-- Input records --
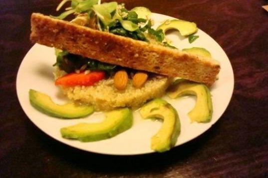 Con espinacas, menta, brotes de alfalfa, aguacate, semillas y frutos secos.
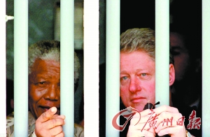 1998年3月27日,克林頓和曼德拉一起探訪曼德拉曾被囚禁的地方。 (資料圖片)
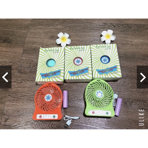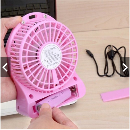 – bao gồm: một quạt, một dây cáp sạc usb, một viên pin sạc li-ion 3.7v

--

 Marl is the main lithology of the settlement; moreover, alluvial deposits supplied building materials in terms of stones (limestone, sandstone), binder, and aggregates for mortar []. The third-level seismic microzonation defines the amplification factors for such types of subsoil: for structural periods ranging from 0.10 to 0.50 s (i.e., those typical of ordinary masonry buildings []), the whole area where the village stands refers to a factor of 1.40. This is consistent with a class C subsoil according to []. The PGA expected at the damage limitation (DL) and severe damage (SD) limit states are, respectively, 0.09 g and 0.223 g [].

-- What is needed --
Using the data above, retype exactly and only the lines from the one containing "Con espinacas, menta, brotes" up to and including the one containing "sạc li-ion 3.7v", with no pictures carried over.

-- Output of the exercise --
 Con espinacas, menta, brotes de alfalfa, aguacate, semillas y frutos secos.
 1998年3月27日,克林頓和曼德拉一起探訪曼德拉曾被囚禁的地方。 (資料圖片)
 – bao gồm: một quạt, một dây cáp sạc usb, một viên pin sạc li-ion 3.7v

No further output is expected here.